The results mark a strong bounce back to growth for Tencent after a succession of negative and flat quarters. The company said in its earnings that it benefited from a solid recovery in domestic consumption in China, which finally began easing its aggressive Covid-19 restrictions in December.
Net profit “increased at a faster pace, reflecting a positive revenue mix shift, operational efficiencies, and an easy base period,” Tencent said in the report Wednesday.
Investors were focusing on whether the reopening of China’s economy will give a boost to the country’s tech giants, including Tencent. China’s economy grew 4.5% in the first quarter, the fastest pace in a year.
The Chinese tech industry as a whole faced intense scrutiny as part of a broader regulatory tightening on China’s domestic technology sector that began in late 2020 and wiped off more than a combined $1 trillion from the country’s biggest companies.
But more recently, there have been signs the central government is softening its stance toward internet titans like Tencent, Alibaba, and Didi.

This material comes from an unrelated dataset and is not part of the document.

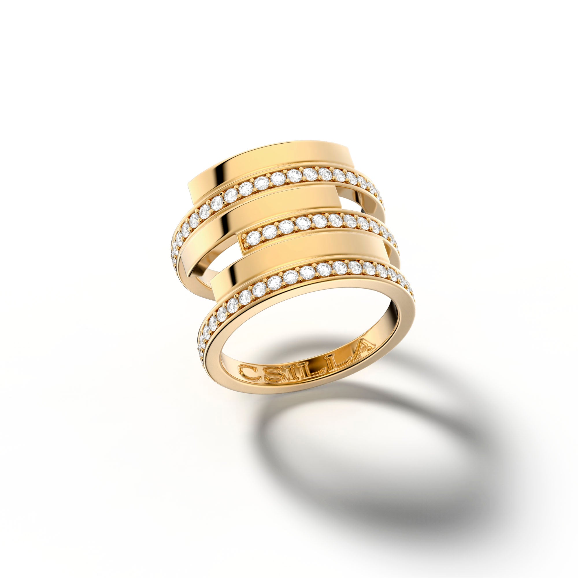 Spiral beauty represents the perfect imperfection in all of us. Wide 18k yellow gold ring with pretty diamonds. Comes in white, yellow and pink gold.

In 2021, Chinese regulators froze the approval of new video game releases, which badly impacted Tencent. However, over the past few months, Beijing has loosened its grip on the industry greenlighting more titles for release.
Amid a tougher gaming market at home, Tencent has boosted its focus on international markets.
Tencent, which is a major owner of and investor in tech businesses worldwide, has been shedding some of its equity investments as Beijing remains on high alert about the size of domestic tech companies.